◆ **PROBLEM REQUIREMENTS**
Pictures aside, reproduce exactly and only the lines from the one containing "牛皮版~葡萄妈金扣小皮鞋女真皮粗跟厚底复古英伦风休闲乐福鞋" through the end of the records.

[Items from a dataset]
= = = =

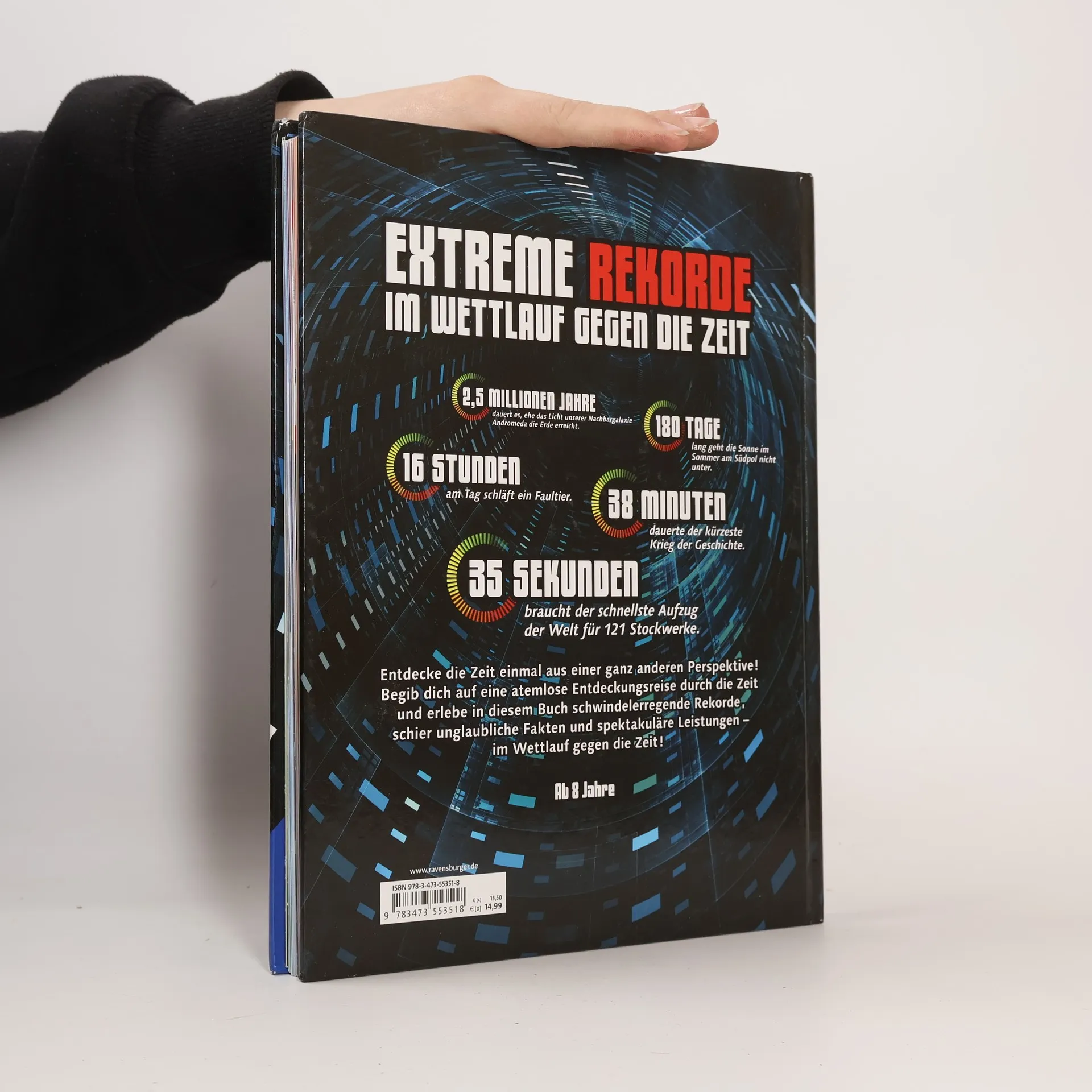 Wie schnell ist der schnellste Aufzug? Wie lange schläft ein Faultier? Die Welt steckt voller spannender Rekorde, die es zu entdecken gilt. Höher, schneller, weiter - hier erfahren Kinder die aufregendsten Rekorde aus den unterschiedlichsten Gebieten: Sport, Tiere, Astronomie, Geschichte ... Übrigens: Der schnellste Aufzug der Welt braucht 35 Sekunden für 121 Stockwerke und ein Faultier schläft 16 Stunden täglich. Beneidenswert?
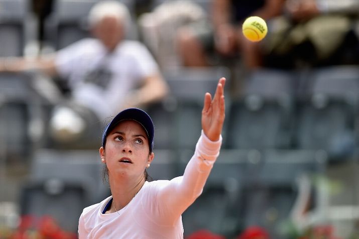 ROME, ITALY - MAY 12: Christina Mchale of the United States serves in her match against Serena Williams of the United States on Day Five of The Internazionali BNL d'Italia on May 12, 2016 in Rome, Italy. (Photo by Dennis Grombkowski/Getty Images)
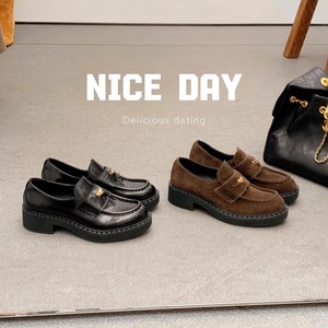 牛皮版~葡萄妈金扣小皮鞋女真皮粗跟厚底复古英伦风休闲乐福鞋
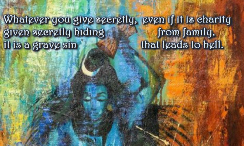 Remember – Whatever you give secretly, even if it charity given secretly, by hiding from family, it is a grave sin that leads to hell. So, don’t engage in such activities. You will face a pitiful state. (dur dashaa).
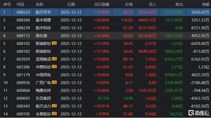 龙虎榜中涉及机构专用席位的个股中,当日净卖出额前三为航宇科技、西部材料、顺灏股份,分别为2.15亿元、1.08亿元、8017.03万元。
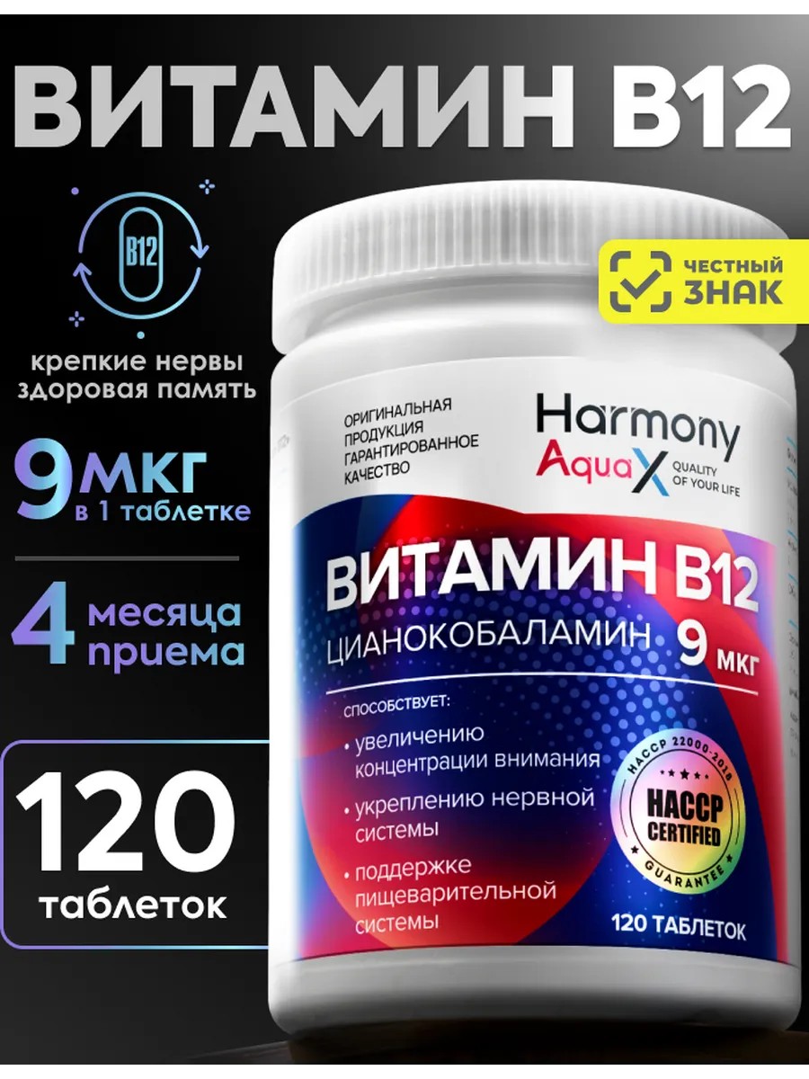 HarmonyAquaX Витамин B12, В12 120 таблеток
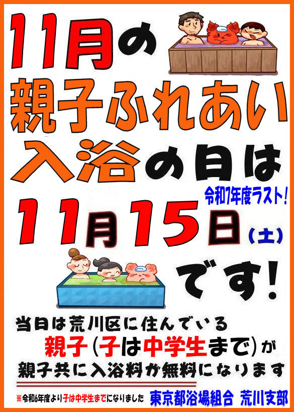 すだち湯当日は親子同伴でお子様(小学生まで)の入浴料金は無料になります

= = = =

◆ **TASK OUTPUT**
 牛皮版~葡萄妈金扣小皮鞋女真皮粗跟厚底复古英伦风休闲乐福鞋
 Remember – Whatever you give secretly, even if it charity given secretly, by hiding from family, it is a grave sin that leads to hell. So, don’t engage in such activities. You will face a pitiful state. (dur dashaa).
 龙虎榜中涉及机构专用席位的个股中,当日净卖出额前三为航宇科技、西部材料、顺灏股份,分别为2.15亿元、1.08亿元、8017.03万元。
 HarmonyAquaX Витамин B12, В12 120 таблеток
 すだち湯当日は親子同伴でお子様(小学生まで)の入浴料金は無料になります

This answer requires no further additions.